:: RECORDS PROVIDED ::
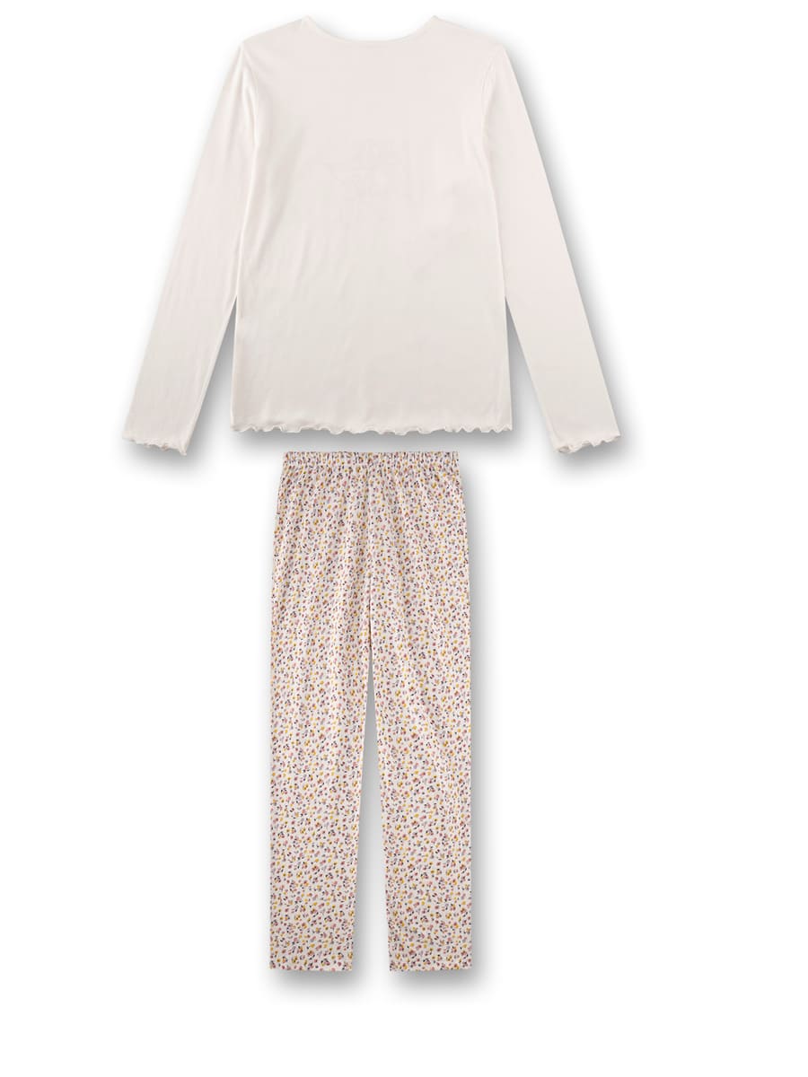 Піжама Small Flowers — ніжний комплект для дівчаток, що поєднує комфорт і витончений квітковий дизайн. Модель виготовлена з м’якого та приємного до тіла трикотажу з бавовни та модалу, який добре пропускає повітря, делікатно торкається шкіри та забезпечує комфорт під час сну. Лонгслів світлого відтінку має класичний круглий виріз, прикрашений витонченим малюнком квітів, хвилясті краї на рукавах і подолі додають образу ніжності. Штани з барвистим квітковим принтом і еластичним поясом забезпечують зручну посадку та свободу рухів.
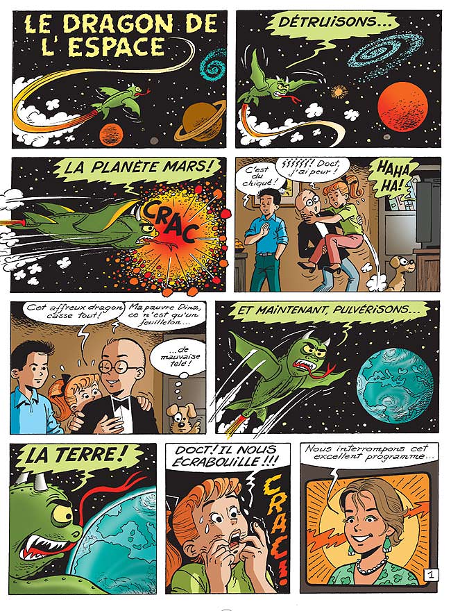 Le milliardaire William S. Contanbank annonce une nouvelle sensationnelle : le financement d’une expédition vers la planète Mars ! Et qui va-t-il choisir comme équipage ? Mais les 4 As, bien sûr, persuadé, grâce à la lecture des 41 albums de leurs aventures, qu’ils réussisent toujours dans leurs entreprises ! Aussitôt dit aussitôt fait : Lastic, Dina et Oscar embarquent dans le vaisseau du Professeur Tube, tandis que Doct et Bouffi les assistent depuis la Terre. Mais ce qu’ignorent les 4 As, c’est que la fusée a des passagers clandestins : le docteur Hargnon et le colonel Ostrogoth, de vieux adversaires... Quant à ce qu’ils vont tous découvrir sur la planète rouge... Chut, ne dévoilons pas le suspense ; mais une chose est sûre : c’est énorme !
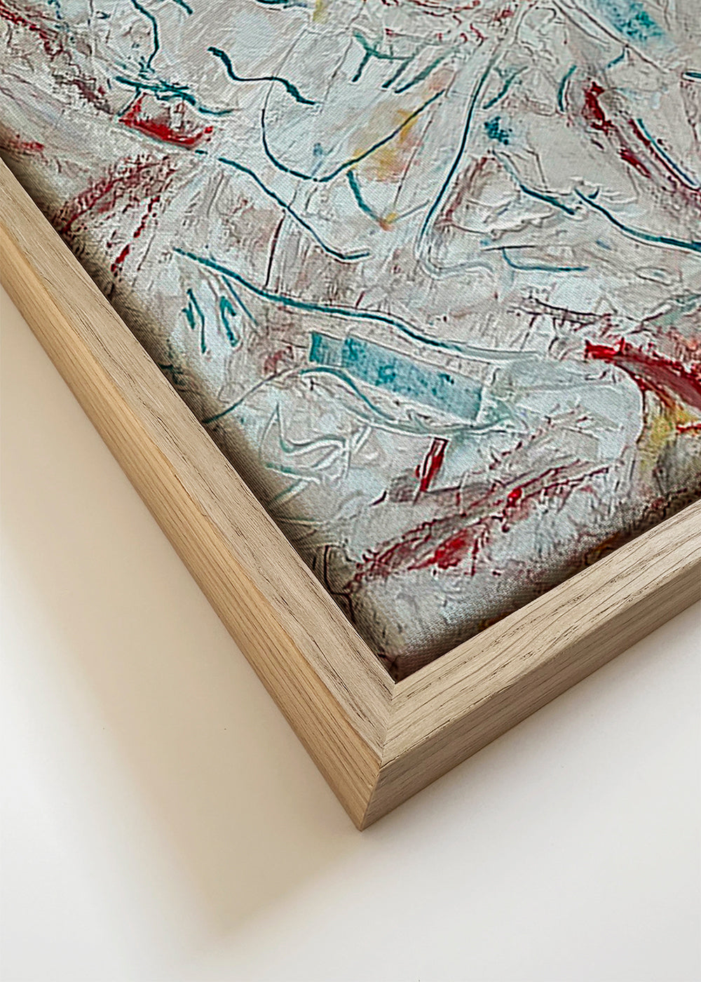 Alle unsere Rahmen werden in Spanien hergestellt. Die weißen, schwarzen und Eichenrahmen sind aus Ayous-Holz gefertigt, und die Eichenrahmen sind mit Eiche furniert, während die metallischen Rahmen aus Aluminium sind.
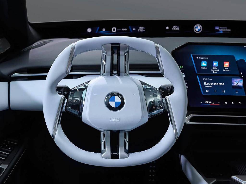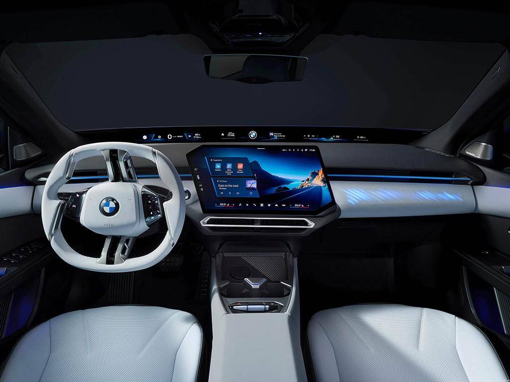 那块从挡风玻璃下沿投射出来的1.2米宽幅投影,取代了传统的仪表盘位置。说实话,第一次看到这个设计,我第一反应是:这玩意儿戴偏光墨镜能看清吗?但宝马说他们用纳米级涂层解决了这个问题,因此等实车到了后也强烈建议大家都去体验和验证下。
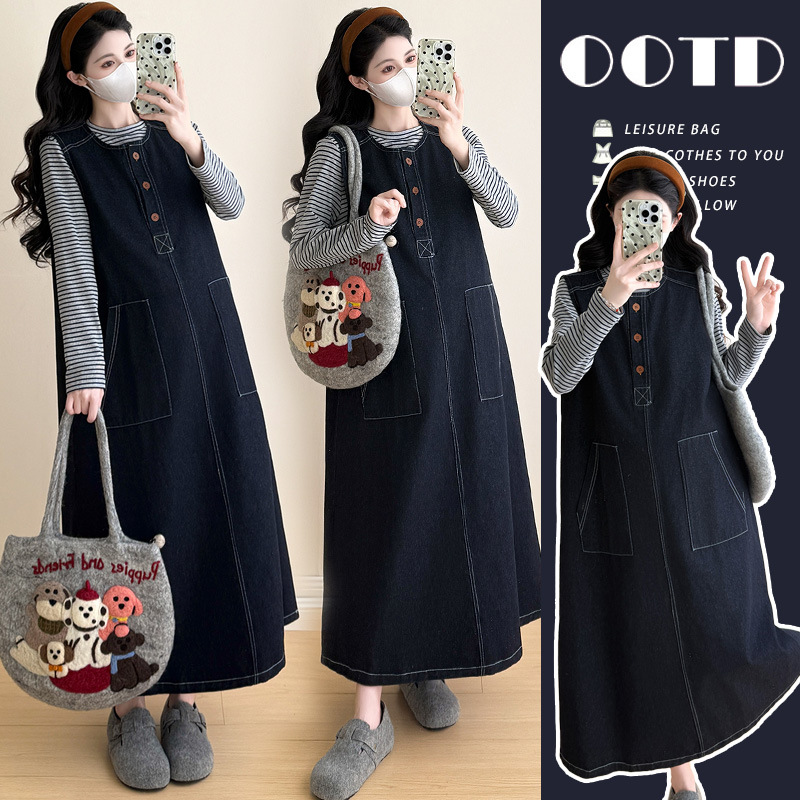 实拍 秋季百搭条纹上衣+韩版宽松休闲牛仔背心裙孕妇两件套装
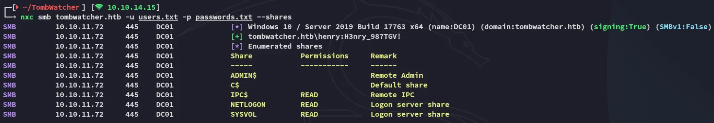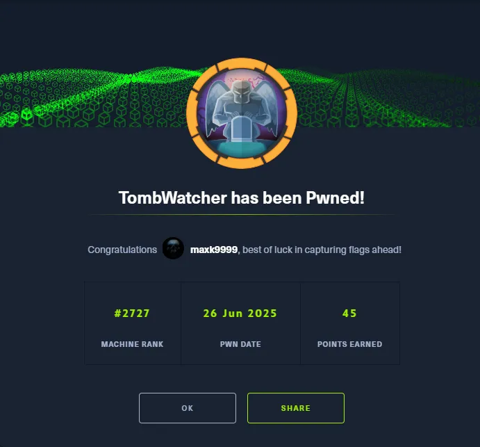 PORT STATE SERVICE REASON VERSION53/tcp open domain syn-ack Simple DNS Plus80/tcp open http syn-ack Microsoft IIS httpd 10.0|_http-title: IIS Windows Server| http-methods:| Supported Methods: OPTIONS TRACE GET HEAD POST|_ Potentially risky methods: TRACE|_http-server-header: Microsoft-IIS/10.088/tcp open kerberos-sec syn-ack Microsoft Windows Kerberos (server time: 2025-06-12 17:52:41Z)135/tcp open msrpc syn-ack Microsoft Windows RPC139/tcp open netbios-ssn syn-ack Microsoft Windows netbios-ssn389/tcp open ldap syn-ack Microsoft Windows Active Directory LDAP (Domain: tombwatcher.htb0., Site: Default-First-Site-Name)| ssl-cert: Subject: commonName=DC01.tombwatcher.htb| Subject Alternative Name: othername: 1.3.6.1.4.1.311.25.1:<unsupported>, DNS:DC01.tombwatcher.htb| Issuer: commonName=tombwatcher-CA-1/domainComponent=tombwatcher445/tcp open microsoft-ds? syn-ack464/tcp open kpasswd5? syn-ack593/tcp open ncacn_http syn-ack Microsoft Windows RPC over HTTP 1.0636/tcp open ssl/ldap syn-ack Microsoft Windows Active Directory LDAP (Domain: tombwatcher.htb0., Site: Default-First-Site-Name)| ssl-cert: Subject: commonName=DC01.tombwatcher.htb| Subject Alternative Name: othername: 1.3.6.1.4.1.311.25.1:<unsupported>, DNS:DC01.tombwatcher.htb| Issuer: commonName=tombwatcher-CA-1/domainComponent=tombwatcher3268/tcp open ldap syn-ack Microsoft Windows Active Directory LDAP (Domain: tombwatcher.htb0., Site: Default-First-Site-Name)| ssl-cert: Subject: commonName=DC01.tombwatcher.htb| Subject Alternative Name: othername: 1.3.6.1.4.1.311.25.1:<unsupported>, DNS:DC01.tombwatcher.htb| Issuer: commonName=tombwatcher-CA-1/domainComponent=tombwatcher3269/tcp open ssl/ldap syn-ack Microsoft Windows Active Directory LDAP (Domain: tombwatcher.htb0., Site: Default-First-Site-Name)|_ssl-date: 2025-06-12T17:54:10+00:00; +4h00m00s from scanner time.| ssl-cert: Subject: commonName=DC01.tombwatcher.htb| Subject Alternative Name: othername: 1.3.6.1.4.1.311.25.1:<unsupported>, DNS:DC01.tombwatcher.htb| Issuer: commonName=tombwatcher-CA-1/domainComponent=tombwatcher5985/tcp open http syn-ack Microsoft HTTPAPI httpd 2.0 (SSDP/UPnP)|_http-title: Not Found|_http-server-header: Microsoft-HTTPAPI/2.09389/tcp open mc-nmf syn-ack .NET Message Framing49666/tcp open msrpc syn-ack Microsoft Windows RPC49691/tcp open ncacn_http syn-ack Microsoft Windows RPC over HTTP 1.049692/tcp open msrpc syn-ack Microsoft Windows RPC49694/tcp open msrpc syn-ack Microsoft Windows RPC49712/tcp open msrpc syn-ack Microsoft Windows RPC49727/tcp open msrpc syn-ack Microsoft Windows RPC49742/tcp open msrpc syn-ack Microsoft Windows RPCService Info: Host: DC01; OS: Windows; CPE: cpe:/o:microsoft:windows

:: REQUIRED ACTION ::
Look above for the line with "Alle unsere Rahmen" and the line with "那块从挡风玻璃下沿投射出来的". Give again exactly those two lines and all lines between them, pictures excluded.

:: OUTPUT OF THE TASK ::
 Alle unsere Rahmen werden in Spanien hergestellt. Die weißen, schwarzen und Eichenrahmen sind aus Ayous-Holz gefertigt, und die Eichenrahmen sind mit Eiche furniert, während die metallischen Rahmen aus Aluminium sind.
 那块从挡风玻璃下沿投射出来的1.2米宽幅投影,取代了传统的仪表盘位置。说实话,第一次看到这个设计,我第一反应是:这玩意儿戴偏光墨镜能看清吗?但宝马说他们用纳米级涂层解决了这个问题,因此等实车到了后也强烈建议大家都去体验和验证下。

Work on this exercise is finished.